Eneva Conclui Venda Estratégica de Usina a Carvão no Ceará por R$ 839,2 Milhões
A Eneva anunciou nesta segunda-feira (31) a conclusão de uma importante venda estratégica: a usina termelétrica Pecém II, localizada no Ceará, foi adquirida pela Diamante Geração. O negócio, que havia sido inicialmente divulgado em março, movimentou um valor total de R$ 839,2 milhões em enterprise value.
Com a transação, a Diamante Geração passa a deter 100% das ações da Pecém II, que possui uma capacidade instalada de 365 megawatts (MW). O valor efetivamente pago pela compradora no fechamento da operação foi de R$ 748,4 milhões, com a possibilidade de uma parcela adicional de até R$ 149 milhões, dependendo de condições futuras ligadas a contratos de reserva de capacidade.

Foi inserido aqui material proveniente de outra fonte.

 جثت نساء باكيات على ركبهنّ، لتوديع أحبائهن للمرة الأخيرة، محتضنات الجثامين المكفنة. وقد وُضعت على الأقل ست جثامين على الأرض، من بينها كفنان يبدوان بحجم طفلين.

Esta venda representa um passo significativo na estratégia da Eneva de otimizar seu portfólio e gerar capital para investir em novas oportunidades, especialmente em um cenário de crescente demanda por energia e transição energética. Conforme informação divulgada pela CNN Brasil, a operação foi anunciada em primeira mão em março.
Diamante Consolida Operações no Complexo do Pecém
A aquisição da Pecém II pela Diamante Geração tem um impacto estratégico importante, pois une sob o mesmo controle as duas usinas termelétricas a carvão do complexo industrial e portuário do Pecém. A Diamante já era proprietária da Pecém I, anteriormente pertencente à EDP, e a integração das duas unidades promete gerar **sinergias operacionais significativas**.

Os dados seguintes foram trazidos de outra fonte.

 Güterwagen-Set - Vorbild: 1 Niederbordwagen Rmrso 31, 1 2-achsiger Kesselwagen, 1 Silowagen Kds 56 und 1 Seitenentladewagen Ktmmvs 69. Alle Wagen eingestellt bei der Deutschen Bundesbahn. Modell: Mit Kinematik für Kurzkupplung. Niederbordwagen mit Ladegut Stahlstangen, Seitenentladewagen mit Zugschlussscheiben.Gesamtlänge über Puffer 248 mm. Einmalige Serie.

Jorge Nemr, presidente do conselho da Diamante, destacou a complementaridade entre os ativos. “Pecém II é um ativo que tem um valor estratégico particular para a Diamante porque complementa Pecém I. São usinas concebidas de forma integrada, com infraestrutura compartilhada, e a consolidação permite extrair sinergias que não estariam disponíveis da mesma forma para outro operador”, afirmou Nemr.
A expectativa é que essa consolidação resulte em um **aumento da eficiência e competitividade** de todo o complexo, aproveitando estruturas compartilhadas como a esteira de transporte de carvão a partir do porto, originalmente concebida para operar de forma integrada.
Novos Horizontes para a Eneva e Investimentos em Energia
Para a Eneva, a venda da Pecém II se insere em um plano maior de **reciclagem de portfólio e levantamento de capital**. Esses recursos serão fundamentais para financiar um novo ciclo de investimentos, especialmente após a empresa ter sido uma das principais vencedoras em recentes leilões de capacidade de energia.
A empresa busca se posicionar cada vez mais em fontes de energia mais limpas e inovadoras. Paralelamente à venda, a Eneva e a Diamante celebraram um termo de cessão que lhes confere o direito de implementar um terminal de importação, armazenamento e regaseificação de gás natural liquefeito (GNL) no complexo do Pecém. Este terminal terá capacidade para escoar até 14 milhões de metros cúbicos de gás por dia, viabilizando o desenvolvimento de um polo energético no Ceará.
Benefícios de Longo Prazo e Contratos de Energia
A Pecém II, agora sob o controle da Diamante, conta com **contratos de venda de energia de longo prazo**, com vigência até 2028. Adicionalmente, a usina garantiu novos contratos no Leilão de Reserva de Capacidade (LRCap) de 2026, com fornecimento previsto para iniciar em 2031 e com duração de dez anos.
Essa garantia de receita futura, combinada com as sinergias operacionais esperadas, torna a aquisição um movimento estratégico para a Diamante Geração, fortalecendo sua posição no mercado de geração de energia no Nordeste brasileiro e consolidando sua atuação no complexo do Pecém.